The top-down approach developed in EXIOPOL considered the following questions, which were answered with the help of the EXIOBASE database:
- What are the external costs of global economic production?
- What are the impacts embodied in European imports?
- What are the dynamic impacts of policy interventions in the following areas: buildings, mobility, and food?
External costs and Impacts of European consumption and impacts embodied in European imports
The external costs generated by our current economic system are significant. Considering that the global GDP was Euro 34.1 Trillion in 2000, the estimated external costs amounted to Euro 2.35 Trillion. The externality assessment in our study is far from complete, neglecting, for instance the value of ecosystem services and biodiversity. The impacts included (looking at emissions related ones alone) create an amount of damage costs equivalent to 7% of the global GDP. Respiratory health effects (Euro 1,5 Trillon) and energy-related climate impacts (Euro 0.6 Trillion) form the dominant contributions to these external costs.
Considering the impacts of European consumption as well as the impacts embodied in European imports and exports, Europe is generally a net importer of natural resources and pollution.
- This is particularly true for land and water. The land use embodied in trade is higher than the land use in Europe itself ( more than half of the land use for the final demand in Europe is imported).
- There are also significant material imports embodied in trade.
- The flows that are embodied in imports and exports are relatively close for energy and greenhouse gases.

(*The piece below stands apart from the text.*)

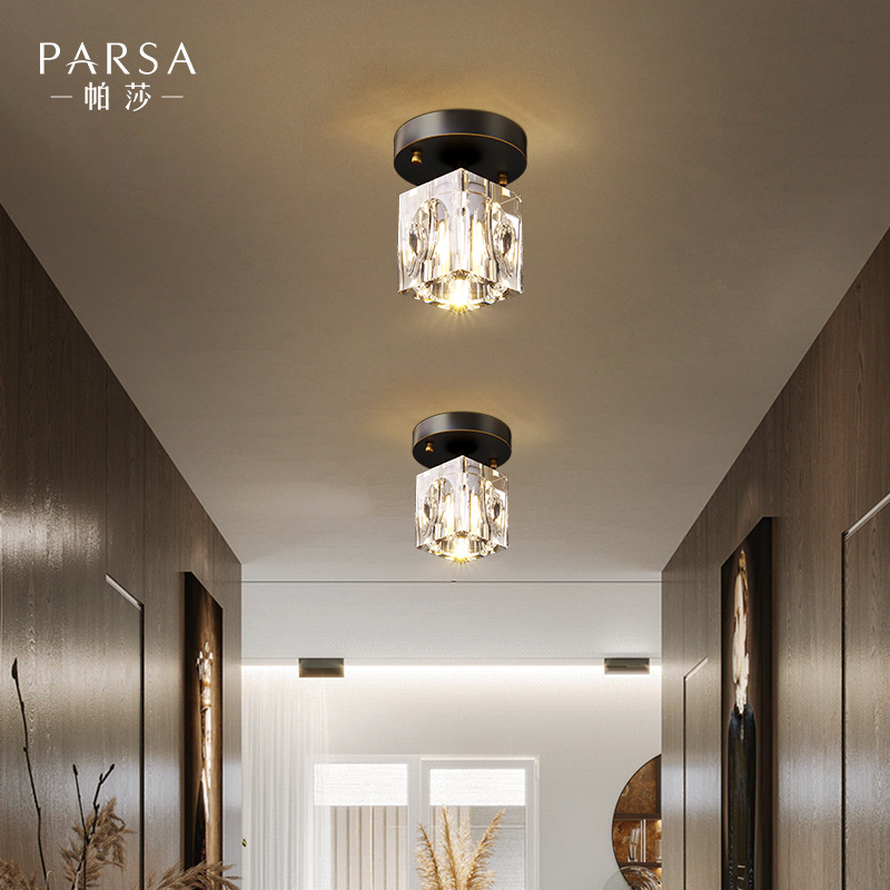 帕莎水晶过道灯轻奢全铜吸顶灯走廊灯现代简约玄关阳台衣帽间灯具

- External costs are the only factor for which Europe is a net exporter. This is mainly because external costs ( for instance, the value of a life) in the EXIOPOL approach are related to a country's wealth. This implies that external costs related to the same impact are valued lower outside Europe rather than inside Europe.
Dynamic impacts of policy
EXIOBASE has also been used in a dynamic form. Scenarios were imposed on the Environmentally Extended Input-Output database in combination with the World Trade Model. The aim was to analyse implications of certain policy actions. The main findings include:
- Implementation of the Directive 2002/91/EC on the energy performance of buildings can reduce GHG emissions by 150 Mtons in 2050.
- Scrappage premiums for old cars in combination with tax incentives stimulate car sales with low CO2 emissions, which greatly reduce the CO2 emissions of cars themselves. Impacts on employment and value added are limited in most scenarios.
- Diet changes towards a Mediterranean diet with lower meat consumption reduces impacts in land use, water use, and to a lesser extent GHG emissions. When diet change is combined with the reduction of food losses, higher reductions in impacts occur (22% less water use, 18% less land use, and 2.2% less GHG emissions). In the various scenarios agricultural employment will diminish by 2-3%.